NEW YORK–The Bank of New York Mellon reported it is now “employing” dozens of artificial intelligence-powered “digital employees” that have their own company logins and that work alongside its human staff.
Similar to human employees, these digital workers have direct managers they report to and work autonomously in areas like coding and payment instruction validation, Chief Information Officer Leigh-Ann Russell, told the Wall Street Journal.

In the near future they will also have access to their own email accounts and may even be able to communicate with colleagues in other ways like through Microsoft Teams, according to a bank spokesperson, who said within six months the bank expects the AI tech to be “very, very prevalent.”
The Wall Street Journal noted that what the bank is calling “digital workers” is called “AI agents” by other institutions.
Increasingly Replicating Humans
“Others aren’t necessarily taking the same approach of granting their AI full logins, but many say that they are shaping AI into applications that increasingly replicate the capabilities and workflows of human employees, taking on more and more tasks in areas like the software development life cycle and research,” according to the Journal.

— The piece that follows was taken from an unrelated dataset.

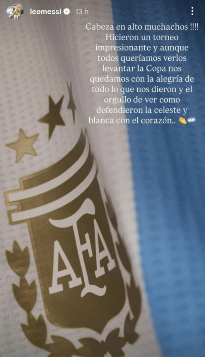 El que siguió de cerca el partido fue Lionel Messi, quien terminado el encuentro le dedicó un mensaje especial al equipo. "¡Cabeza en alto, muchachos! Hicieron un torneo impresionante y, aunque todos queríamos verlos levantar la Copa, nos quedamos con la alegría de todo lo que nos dieron y el orgullo de ver cómo defendieron la celeste y blanca con el corazón", escribió el capitán argentino en sus historias de Instagram.

According to the report, BNY said it took three months for its AI Hub to spin up two digital employee personas: one designed to clean up vulnerabilities in code and one designed to validate payment instructions.
“Each persona can exist in a few dozen instances, and each instance is assigned to work narrowly within a particular team,” a spokesperson said, adding that that way no digital employee has broad access to information across the company.
“Because they have their own logins, and can directly access the same apps as human employees, they can work autonomously,” the spokesperson explained to the Journal. “For example, a digital engineer can log into company systems and see there’s a vulnerability that needs to be patched, write the new code to patch it, and then pass it on to a human manager for approval in the system.”
Can Contact Managers
BNY said it’s aiming to grant its digital workforce access to more enterprise communication systems, such as email and Microsoft Teams, allowing them to proactively contact their human managers for issues they can’t solve, the report added.